-- Opening Marker --

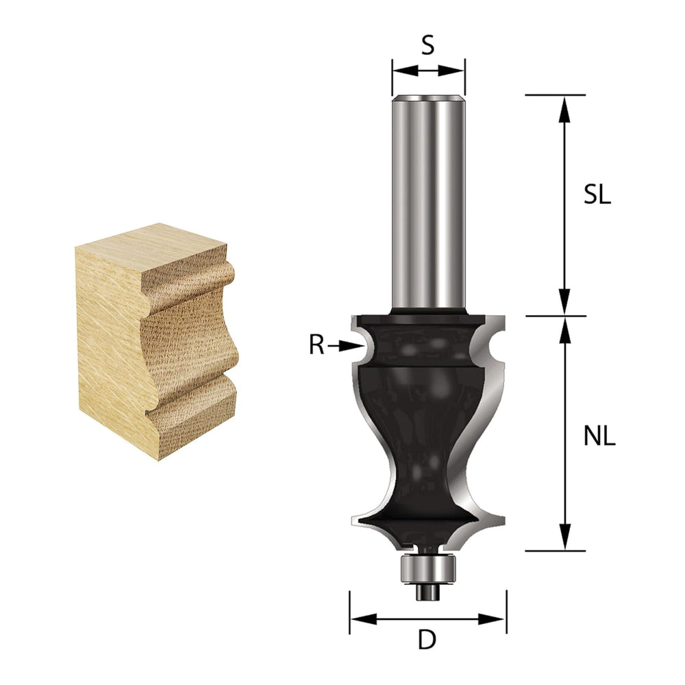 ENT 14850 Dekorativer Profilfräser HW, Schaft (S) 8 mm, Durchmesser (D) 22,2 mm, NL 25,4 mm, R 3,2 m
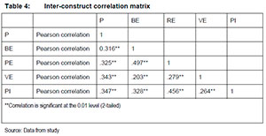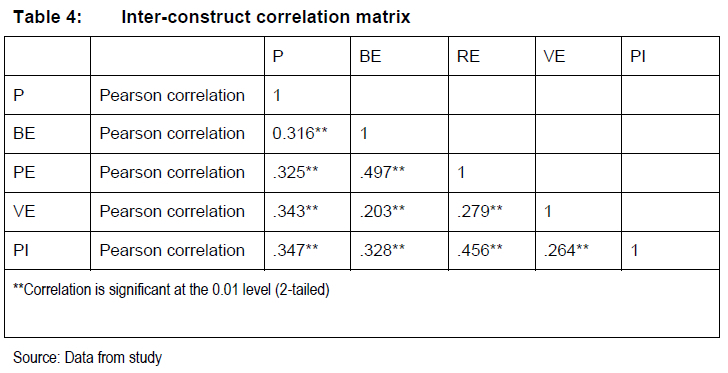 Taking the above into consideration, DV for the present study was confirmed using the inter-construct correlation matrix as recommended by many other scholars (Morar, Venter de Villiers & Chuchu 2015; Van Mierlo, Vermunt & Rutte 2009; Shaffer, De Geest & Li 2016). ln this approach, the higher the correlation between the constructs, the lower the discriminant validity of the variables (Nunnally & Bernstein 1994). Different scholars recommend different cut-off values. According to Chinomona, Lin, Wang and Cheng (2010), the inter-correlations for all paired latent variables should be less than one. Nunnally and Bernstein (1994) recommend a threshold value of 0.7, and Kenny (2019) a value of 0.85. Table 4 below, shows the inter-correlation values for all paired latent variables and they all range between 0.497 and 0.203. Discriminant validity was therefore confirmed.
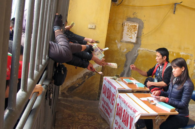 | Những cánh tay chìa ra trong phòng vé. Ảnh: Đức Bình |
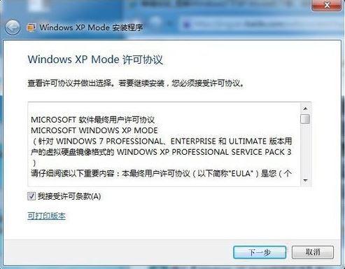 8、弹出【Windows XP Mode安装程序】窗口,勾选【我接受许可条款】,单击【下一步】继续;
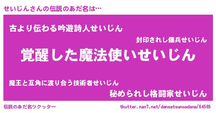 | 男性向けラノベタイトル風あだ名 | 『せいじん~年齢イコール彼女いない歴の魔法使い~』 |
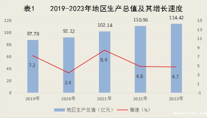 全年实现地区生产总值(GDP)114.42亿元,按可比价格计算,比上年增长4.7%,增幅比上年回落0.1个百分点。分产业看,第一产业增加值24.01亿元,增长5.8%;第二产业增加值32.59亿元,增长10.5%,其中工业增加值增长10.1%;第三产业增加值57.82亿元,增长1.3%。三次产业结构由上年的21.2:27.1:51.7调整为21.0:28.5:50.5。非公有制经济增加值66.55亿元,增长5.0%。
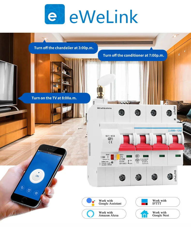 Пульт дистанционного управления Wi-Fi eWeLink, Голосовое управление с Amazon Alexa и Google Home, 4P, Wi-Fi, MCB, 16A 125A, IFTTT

-- Closing Marker --

# REQUIREMENT
In the listing above, find the line containing "8、弹出【Windows XP Mode安装程序】窗口,勾选【我接受许可条款】,单击【下一步】继续;" and the line containing "全年实现地区生产总值(GDP", then return both of them and every line between, exactly, without pictures.

# RESULT FOR THIS TASK
 8、弹出【Windows XP Mode安装程序】窗口,勾选【我接受许可条款】,单击【下一步】继续;
 | 男性向けラノベタイトル風あだ名 | 『せいじん~年齢イコール彼女いない歴の魔法使い~』 |
 全年实现地区生产总值(GDP)114.42亿元,按可比价格计算,比上年增长4.7%,增幅比上年回落0.1个百分点。分产业看,第一产业增加值24.01亿元,增长5.8%;第二产业增加值32.59亿元,增长10.5%,其中工业增加值增长10.1%;第三产业增加值57.82亿元,增长1.3%。三次产业结构由上年的21.2:27.1:51.7调整为21.0:28.5:50.5。非公有制经济增加值66.55亿元,增长5.0%。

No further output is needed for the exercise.